For upper body push/pull, we’ll explore two (2) different KB overhead pressing and chest-supported row variations. The session wraps up with a lower body accessory circuit (like the weightlifting session) and (from week 3), optional bodybuilding.
COMPETITION WORKOUTS
If you enjoy or need to work more on competition/sport-specific workouts, these optional sessions will be a good choice for you. These will be the same sessions as our competitor, and advanced competitor plans will be doing, so be prepared for high-skill and heavier weights (but as always, with movement options to ensure you get the right stimulus).
For best results, choose one “category” of optional sessions and stick with it for the full six (6) weeks.

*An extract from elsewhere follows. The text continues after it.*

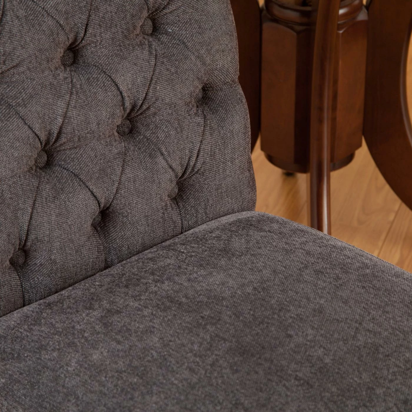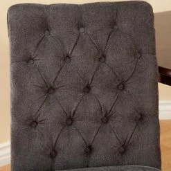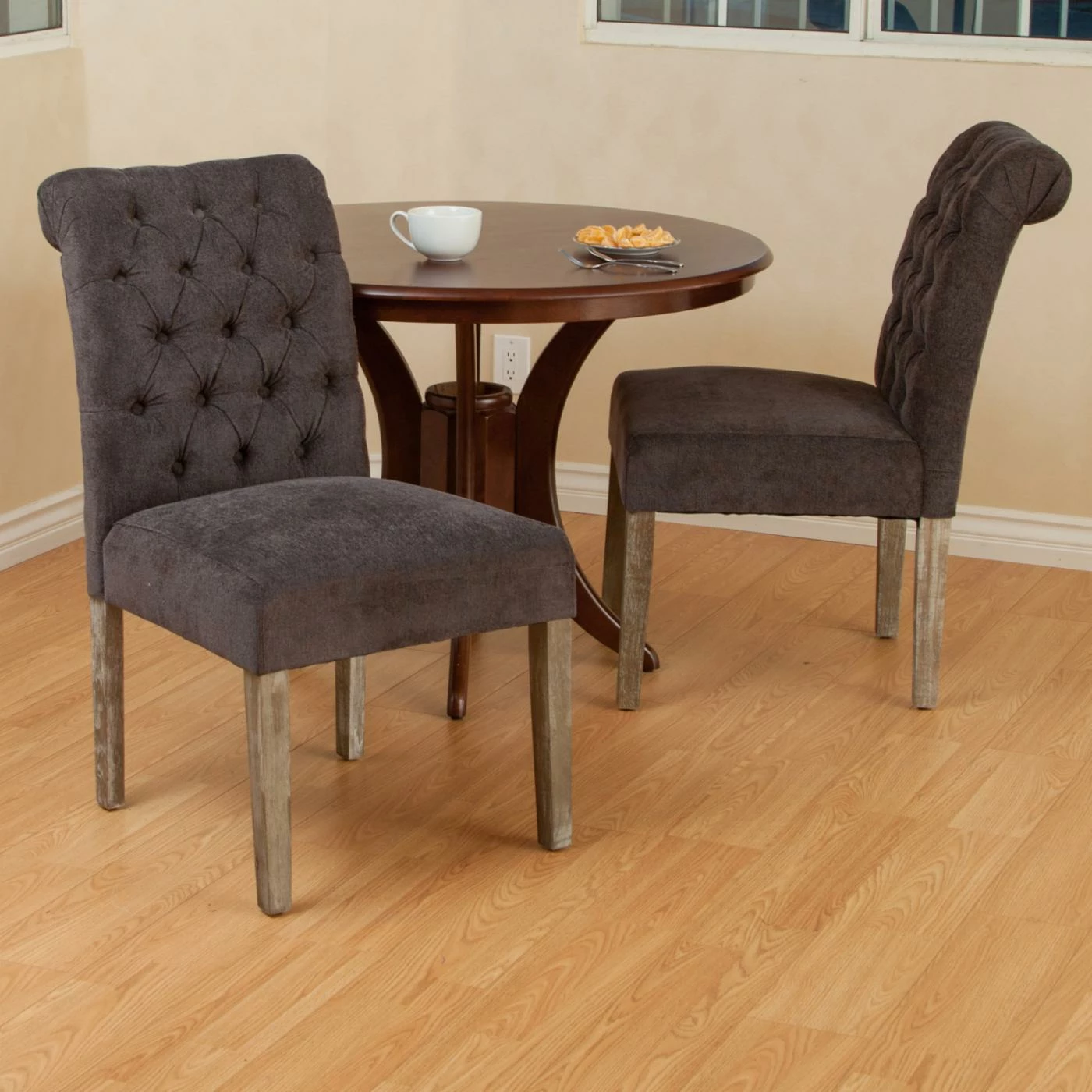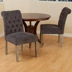 Guaranteed to impress, the luxurious Park Dining Chair – Set of 2 makes a statement whether it’s at the table, in the living room, or in your office. The matching pair showcases an elegant design that begins with a rigid hardwood frame. The solid hardwood is exposed only at the tapered legs, which are lightly coated in a weathered finish for timeworn appeal. The seat and gracefully rolled backrest are cushioned and upholstered in dark gray linen fabric with button tufting in an attractive diamond pattern. These chairs will look wonderful in your formal dining room and can complement almost any style of dΓ©cor – from traditional to modern. Sold in sets of two. Some assembly is required.

Weightlifting bias - Follow optional WL sessions
Strength bias - Follow optional STR sessions
Conditioning bias - You can mix different optional conditioning sessions from week to week OR focus on a single session progression. You can choose to bias your conditioning more by adding the aerobic base session on Wednesdays and then choosing a different conditioning piece on Saturdays (for example).
Competition/Sport bias - Follow optional competition workout sessions
If you have the time and can recover, you could do two separate sessions on Saturdays (aim for 3+ hours of rest between sessions in this case).